:: Your instructions ::
Leave the pictures in the listing below aside and reproduce exactly the lines starting with the one with "International DT466 7.6" and going on through the one with "A freestanding midcentury", both ends included.

:: Data shown ::
════════════════

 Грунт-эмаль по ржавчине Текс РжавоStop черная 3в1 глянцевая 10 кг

════════════════

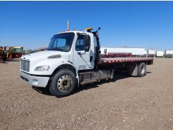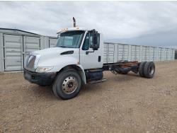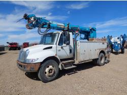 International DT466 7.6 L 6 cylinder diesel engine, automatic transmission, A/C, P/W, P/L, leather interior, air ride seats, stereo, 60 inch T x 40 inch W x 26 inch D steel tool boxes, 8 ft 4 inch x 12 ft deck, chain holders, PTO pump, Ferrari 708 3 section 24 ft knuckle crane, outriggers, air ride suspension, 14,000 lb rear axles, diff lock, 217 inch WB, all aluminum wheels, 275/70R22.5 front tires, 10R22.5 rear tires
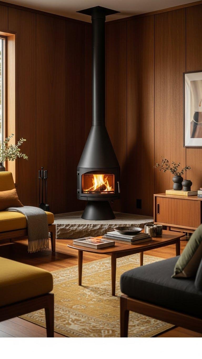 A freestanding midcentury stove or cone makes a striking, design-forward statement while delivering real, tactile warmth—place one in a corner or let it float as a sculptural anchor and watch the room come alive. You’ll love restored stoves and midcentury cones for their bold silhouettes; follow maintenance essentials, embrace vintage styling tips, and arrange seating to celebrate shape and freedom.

════════════════

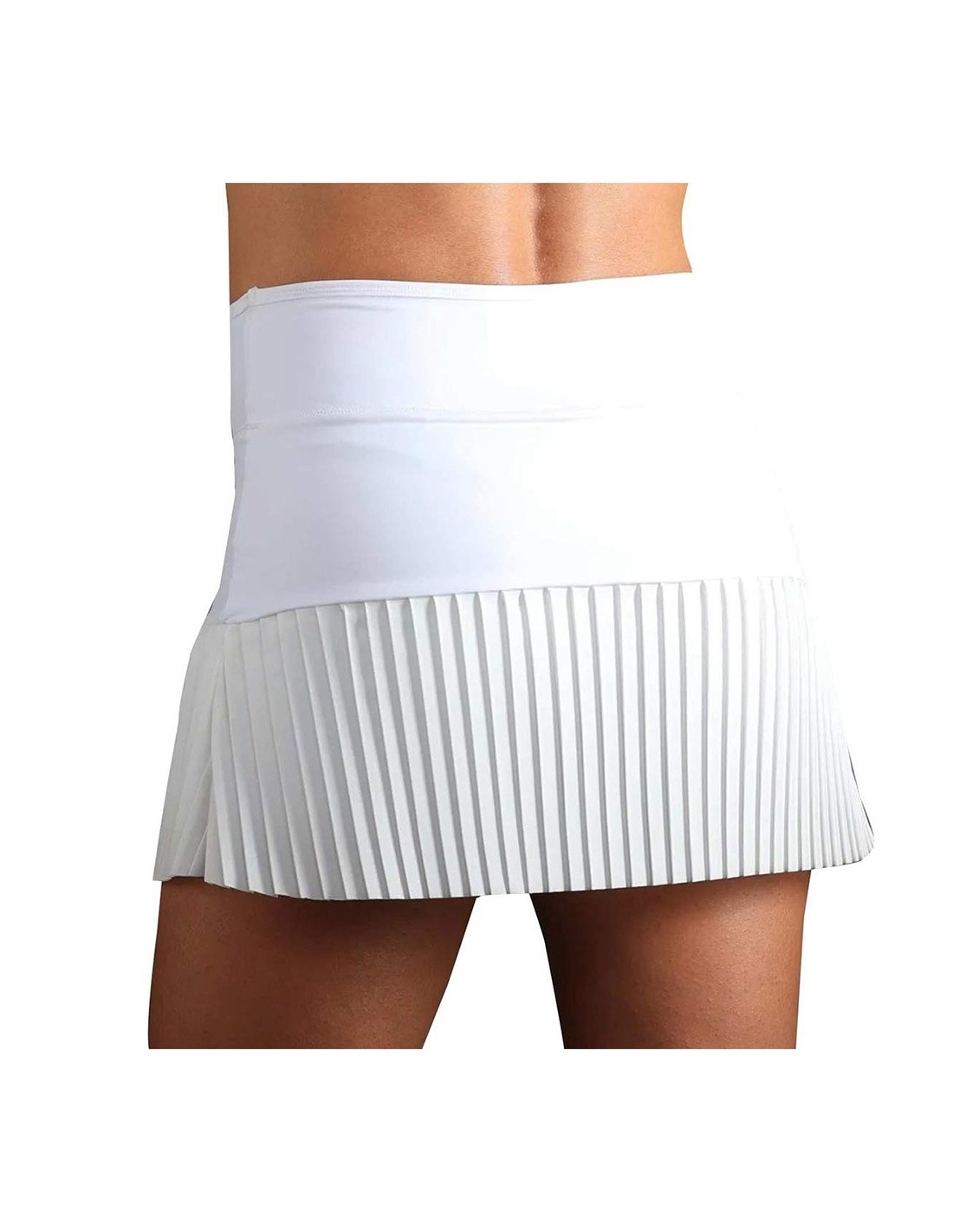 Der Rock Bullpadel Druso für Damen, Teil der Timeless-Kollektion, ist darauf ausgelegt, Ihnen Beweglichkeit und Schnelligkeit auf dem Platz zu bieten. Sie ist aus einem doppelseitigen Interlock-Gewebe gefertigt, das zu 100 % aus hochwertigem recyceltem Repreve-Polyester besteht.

════════════════

:: Exercise answer ::
 International DT466 7.6 L 6 cylinder diesel engine, automatic transmission, A/C, P/W, P/L, leather interior, air ride seats, stereo, 60 inch T x 40 inch W x 26 inch D steel tool boxes, 8 ft 4 inch x 12 ft deck, chain holders, PTO pump, Ferrari 708 3 section 24 ft knuckle crane, outriggers, air ride suspension, 14,000 lb rear axles, diff lock, 217 inch WB, all aluminum wheels, 275/70R22.5 front tires, 10R22.5 rear tires
 A freestanding midcentury stove or cone makes a striking, design-forward statement while delivering real, tactile warmth—place one in a corner or let it float as a sculptural anchor and watch the room come alive. You’ll love restored stoves and midcentury cones for their bold silhouettes; follow maintenance essentials, embrace vintage styling tips, and arrange seating to celebrate shape and freedom.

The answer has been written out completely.